* _To do_
Line by line, set down the records below from the first line through the line containing "결정 방식 : AccessDecisionManager". Omit the pictures.

* _Extracted data entries_
◇ ◇ ◇ ◇
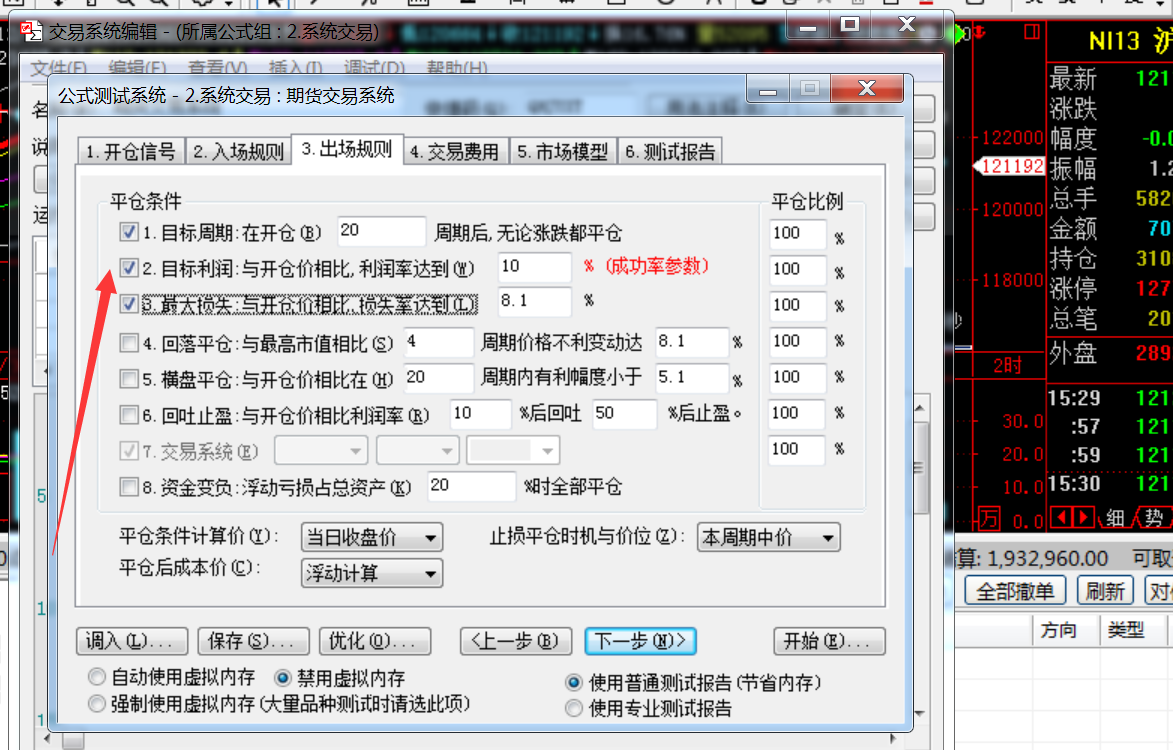在进行回测时,有个平仓条件的设置,请问如果在这个平仓条件下面这里打钩了,如果满足了这个条件,但没有满足策略代码中的平仓条件,是否也会帮我自动平仓掉???
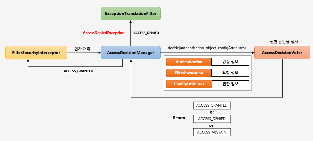 결정 방식 : AccessDecisionManager 은 반환 받은 결정 방식을 사용해서 후처리를 한다.
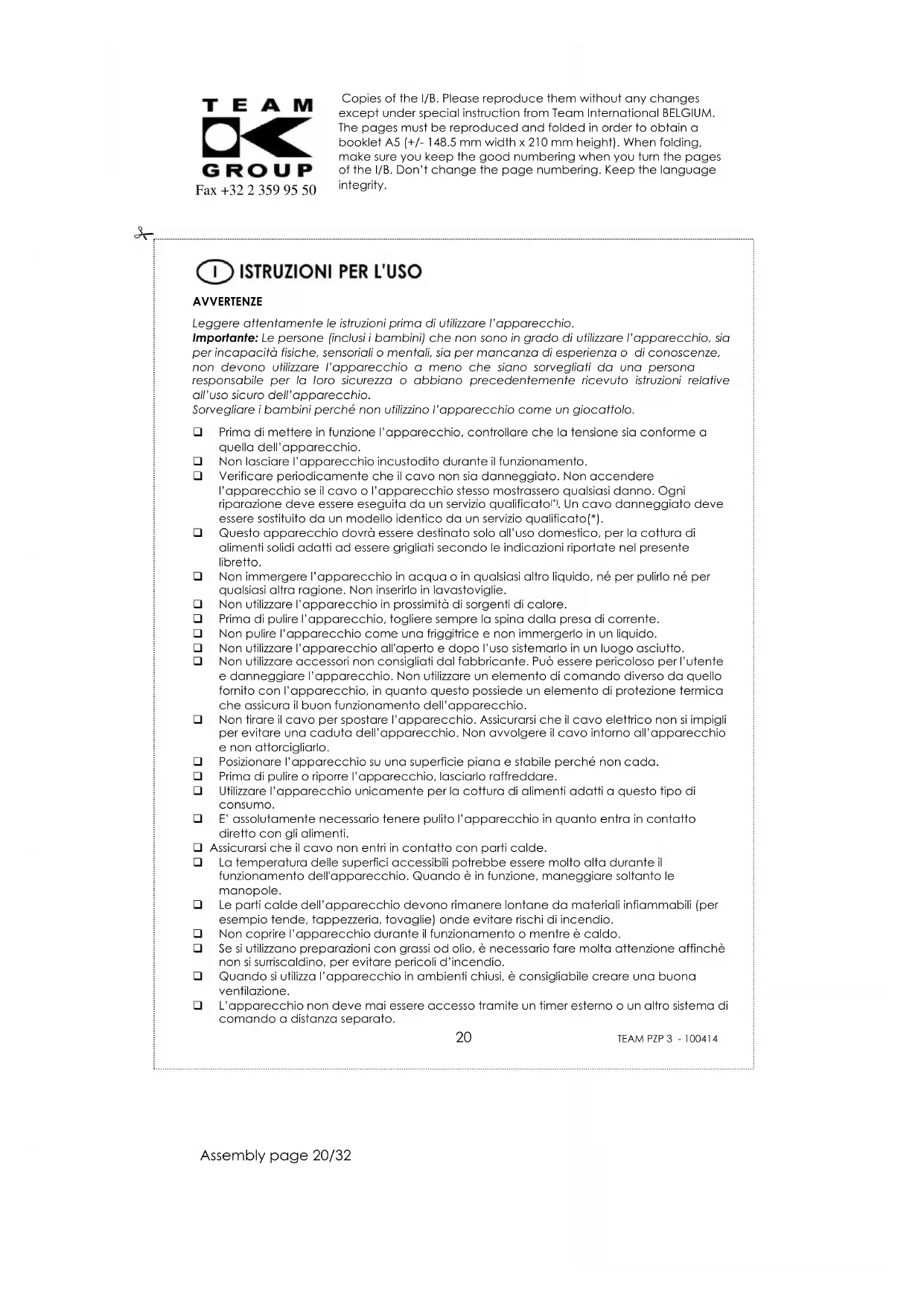 . Un cavo danneggiato deve essere sostituito da un modello identico da un servizio qualificato(*). Questo apparecchio dovrà essere destinato solo all’uso domestico, per la cottura di alimenti solidi adatti ad essere grigliati secondo le indicazioni riportate nel presente libretto. Non immergere l’apparecchio in acqua o in qualsiasi altro liquido, né per pulirlo né per qualsiasi altra ragione. Non inserirlo in lavastoviglie. Non utilizzare l’apparecchio in prossimità di sorgenti di calore. Prima di pulire l’apparecchio, togliere sempre la spina dalla presa di corrente. Non pulire l’apparecchio come una friggitrice e non immergerlo in un liquido. Non utilizzare l’apparecchio all'aperto e dopo l’uso sistemarlo in un luogo asciutto. Non utilizzare accessori non consigliati dal fabbricante. Può essere pericoloso per l’utente e danneggiare l’apparecchio. Non utilizzare un elemento di comando diverso da quello fornito con l’apparecchio, in quanto questo possiede un elemento di protezione termica che assicura il buon funzionamento dell’apparecchio. Non tirare il cavo per spostare l’apparecchio. Assicurarsi che il cavo elettrico non si impigli per evitare una caduta dell’apparecchio. Non avvolgere il cavo intorno all’apparecchio e non attorcigliarlo. Posizionare l’apparecchio su una superficie piana e stabile perché non cada. Prima di pulire o riporre l’apparecchio, lasciarlo raffreddare. Utilizzare l’apparecchio unicamente per la cottura di alimenti adatti a questo tipo di consumo. E’ assolutamente necessario tenere pulito l’apparecchio in quanto entra in contatto diretto con gli alimenti. Assicurarsi che il cavo non entri in contatto con parti calde. La temperatura delle superfici accessibili potrebbe essere molto alta durante il funzionamento dell'apparecchio. Quando è in funzione, maneggiare soltanto le manopole. Le parti calde dell’apparecchio devono rimanere lontane da materiali infiammabili (per esempio tende, tappezzeria, tovaglie) onde evitare rischi di incendio. Non coprire l’apparecchio durante il funzionamento o mentre è caldo. Se si utilizzano preparazioni con grassi od olio, è necessario fare molta attenzione affinchè non si surriscaldino, per evitare pericoli d’incendio. Quando si utilizza l’apparecchio in ambienti chiusi, è consigliabile creare una buona ventilazione. L’apparecchio non deve mai essere accesso tramite un timer esterno o un altro sistema di comando a distanza separato.Copies of the I/B. Please reproduce them without any changes except under special instruction from Team International BELGIUM. The pages must be reproduced and folded in order to obtain a booklet A5 (+/- 148.5 mm width x 210 mm height). When folding, make sure you keep the good numbering when you turn the pages of the I/B. Don’t change the page numbering. Keep the language integrity.
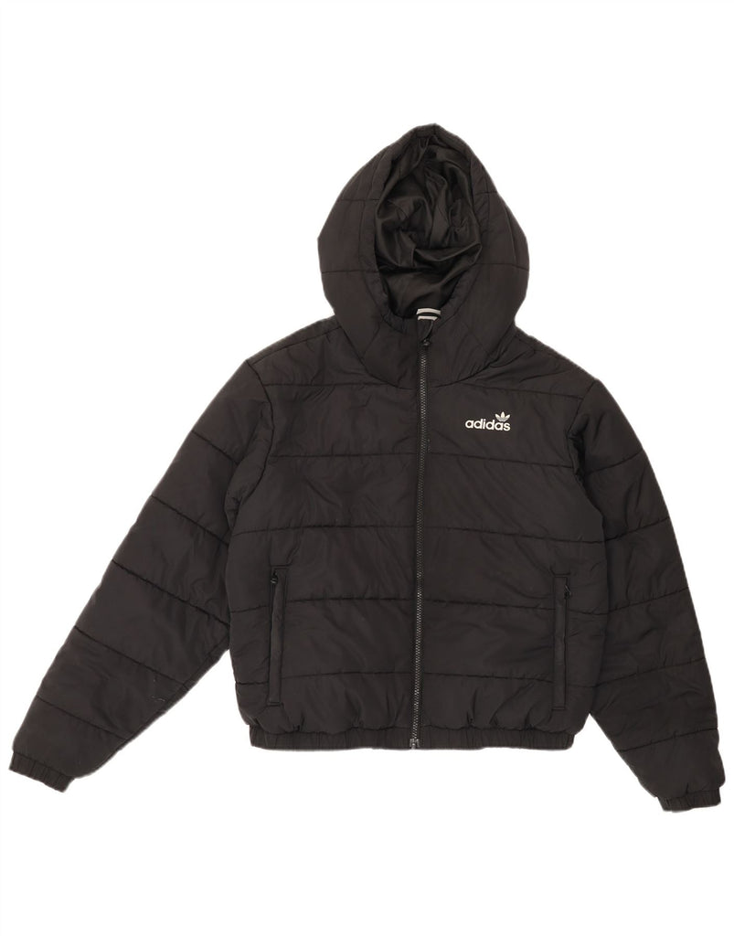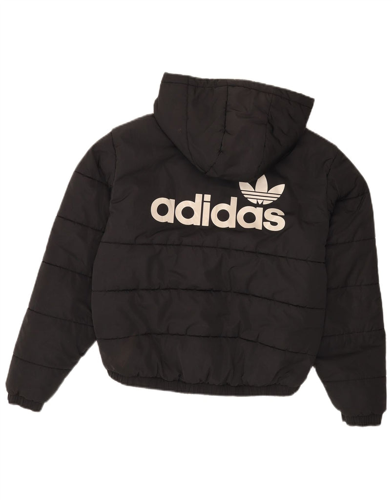 ADIDAS Womens Oversized Graphic Hooded Padded Jacket UK 8 Small Black
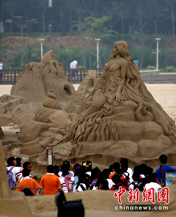 第三屆廈門(mén)觀音山沙雕文化公園于4月22日在廈門(mén)觀音山黃金沙灘投入試運(yùn)營(yíng)。本屆沙雕文化公園將以“暢游歷史”及“世博文化”為主題,共匯集70余座沙雕作品,規(guī)模繼續(xù)在亞洲稱雄。本次2010年觀音山沙雕文化公園將分為六大區(qū)域,分別是歷史主題區(qū)、世博專區(qū)、海洋文化區(qū)、競(jìng)賽區(qū)、DIY體驗(yàn)區(qū)和休閑配套區(qū)。尤以世博專區(qū)和歷史主題區(qū)為展示重點(diǎn)。王東明 攝
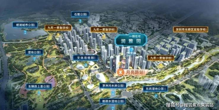 楼盘位于光明凤凰街道塘尾社区,紧邻茅洲河,片区更新单位有轨道13号线黄金科创线穿过,月亮路站上盖,建成后9站直达南山,而且项目地库将会直接连到地铁站。
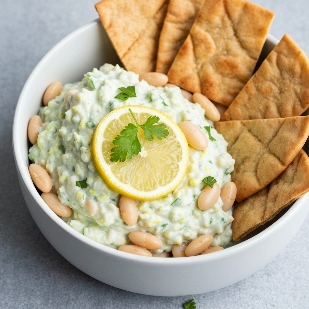 A bright and flavorful Mediterranean dip perfect as a starter. Creamy white beans are blended with lemon, garlic, and fresh herbs, served with toasted pita chips for a healthy and satisfying appetizer.
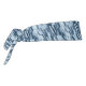 This tie back headband is shown in a multi blue color camo print.
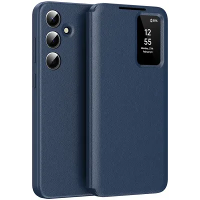 • Coque portefeuille Phonesta Smart Window pour Samsung Galaxy S25 - Bleu foncé
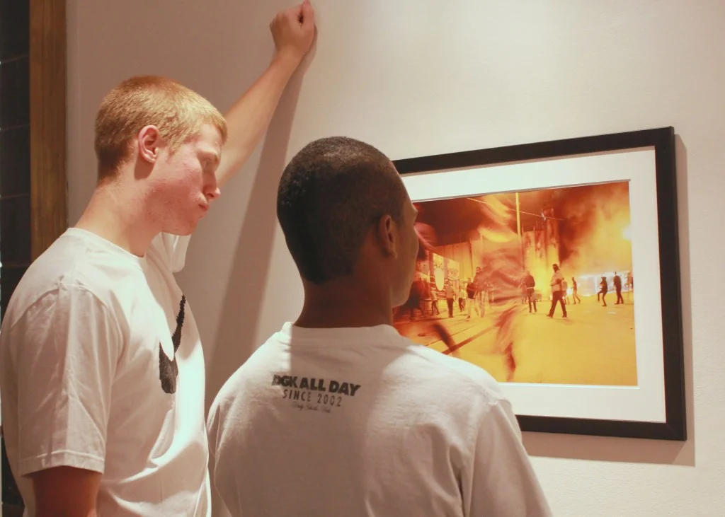 Inside, our guest on November 6, 2013, was a Palestinian photographer from Aida Refugee Camp, in the Israeli-occupied West Bank. His name is Mohammad Al-Azza, the same man whose bloodied image hung on the wall outside. He is the director of the media unit at Lajee Center, a youth organization where he teaches photography and documentary filmmaking to young Palestinian refugees. At 23 years old, Al-Azza was barely older than the undergraduate students in the audience that evening...
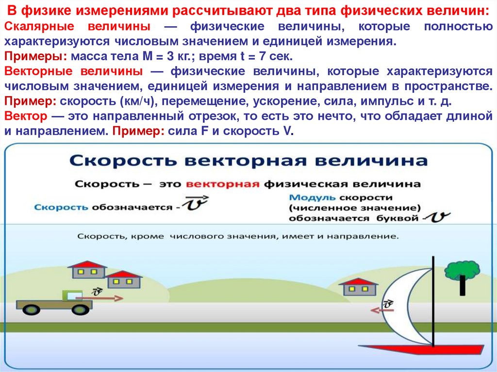 В физике измерениями рассчитывают два типа физических величин:Скалярные величины — физические величины, которые полностью
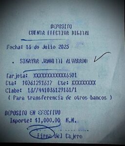 La denuncia no proviene de empleados anónimos, sino de una fuente de alta credibilidad, cuya trayectoria profesional le permite conocer a profundidad la operación registral y sus rutas formales e informales. Entregó a Paralelo 23 una fotografía con dos elementos: una nota escrita a mano con el texto “BanCoppel – $1,000 – 4169…6501” y un recibo oficial de depósito —realizado el 15 de julio de 2023— a nombre de Sinayka Jannette Alvarado, supuesta empleada del Registro Público.
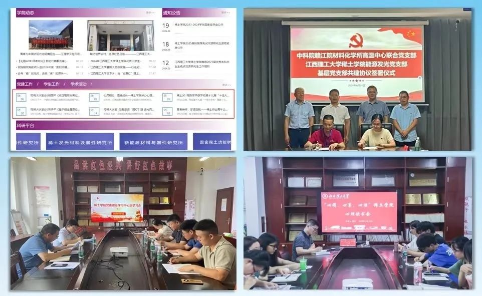党委深入学习贯彻习近平总书记关于稀土产业发展的重要指示精神,以推进有组织科研为切入点,研究出台《加强有组织的科研实施办法》,高标准打造稀土磁性材料研究所、稀土发光材料研究所、新能源材料与器件研究所、稀土拔尖创新人才培养研究所等四大研究所,为国家稀土功能材料创新中心(稀土领域唯一的国家级制造业创新中心)成功获批和全面验收提供了坚实支撑,近年来,研究所承担省部级科研项目200余项,发表高水平论文500余篇,搭建了钕铁硼晶界扩散中试生产线、稀土光纤中试示范线、表面防护中试线等试验线,自主研发的“轨道交通用特种磁材”等多项科技成果达到了国际领先水平,得到各级领导高度肯定。今年以来,获国家科技部重点研发项目子课题2项、国家自然科学基金3项,江西省自然科学基金项目9项,科研成果转化额近千万元,获批金属磁性材料及器件江西省重点实验室,发表高水平高质量论文19篇。
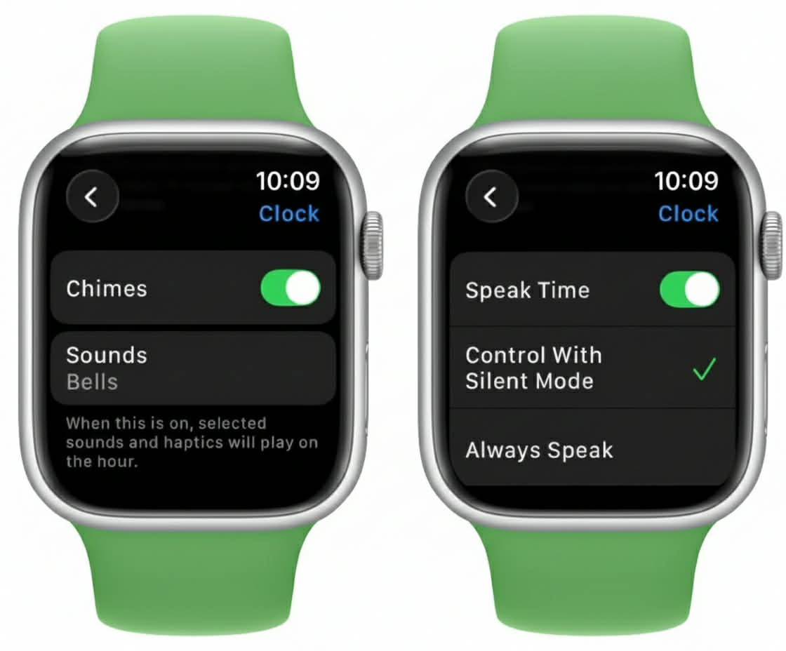 Khi bật tính năng này trong Cài đặt > Đồng hồ, Apple Watch sẽ tạo một cú chạm nhẹ mỗi khi đến giờ tròn. Nếu đồng hồ đang ở chế độ im lặng, thiết bị sẽ không phát ra âm thanh mà chỉ rung nhẹ – đủ để nhắc bạn về thời gian mà không gây phiền toái.
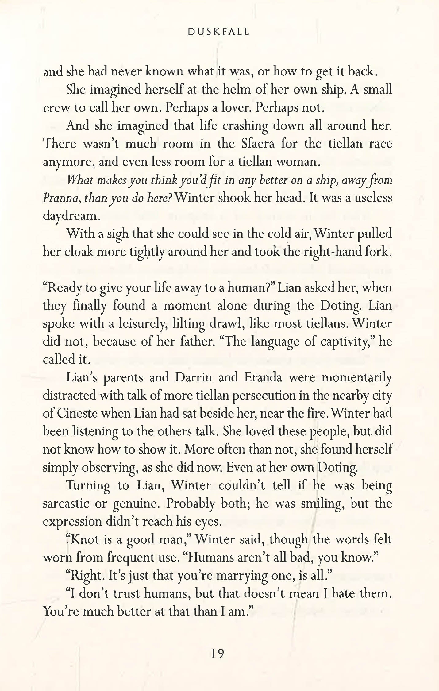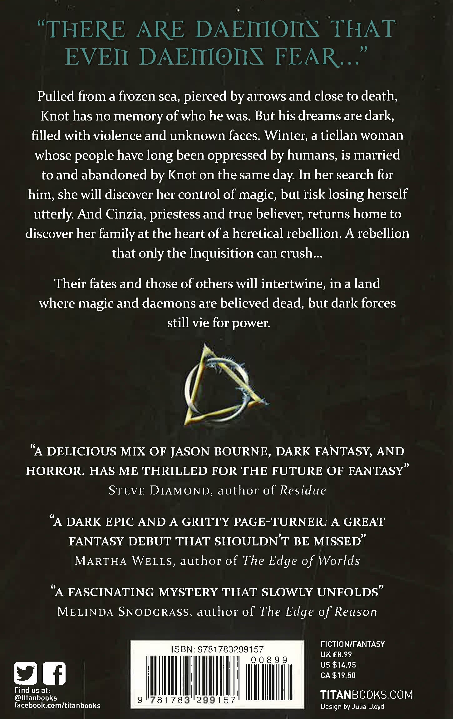 Pulled from a frozen sea, pierced by arrows and close to death, Knot has no memory of who he was. But his dreams are dark, filled with violence and unknown faces. Winter, a tiellan woman whose people have long been oppressed by humans, is married to and abandoned by Knot on the same day. In her search for him, she will discover her control of magic, but risk losing herself utterly. And Cinzia, priestess and true believer, returns home to discover her family at the heart of a heretical rebellion. A rebellion that only the Inquisition can crush... Their fates and those of others will intertwine, in a land where magic and daemons are believed dead, but dark forces still vie for power.
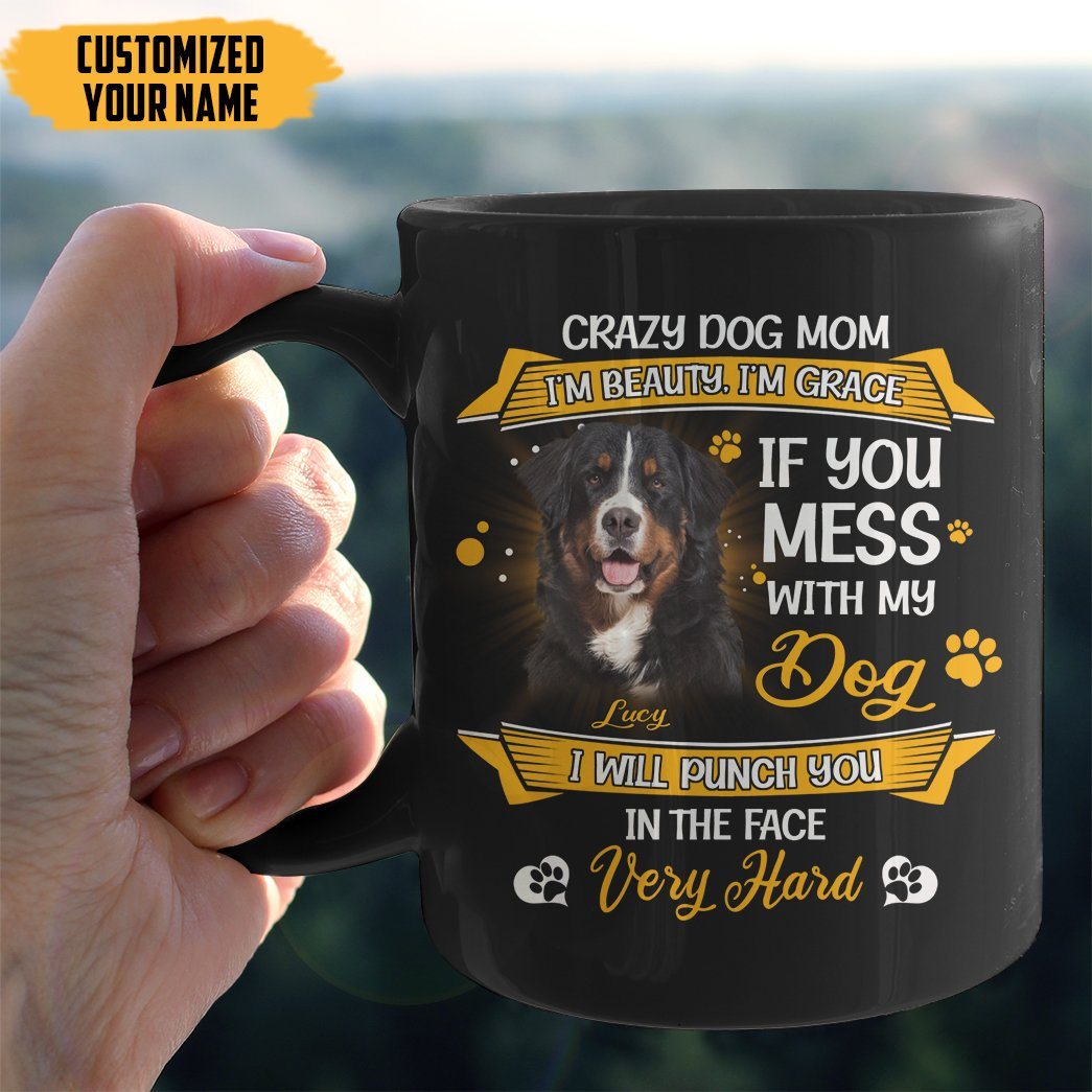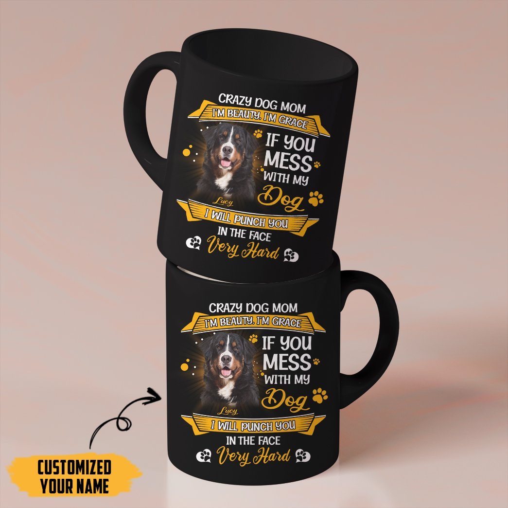 Gearhumans 3D Crazy Dog Mom Bernese Mountain Custom Name Mug
◇ ◇ ◇ ◇
* _Finished exercise_
在进行回测时,有个平仓条件的设置,请问如果在这个平仓条件下面这里打钩了,如果满足了这个条件,但没有满足策略代码中的平仓条件,是否也会帮我自动平仓掉???
 결정 방식 : AccessDecisionManager 은 반환 받은 결정 방식을 사용해서 후처리를 한다.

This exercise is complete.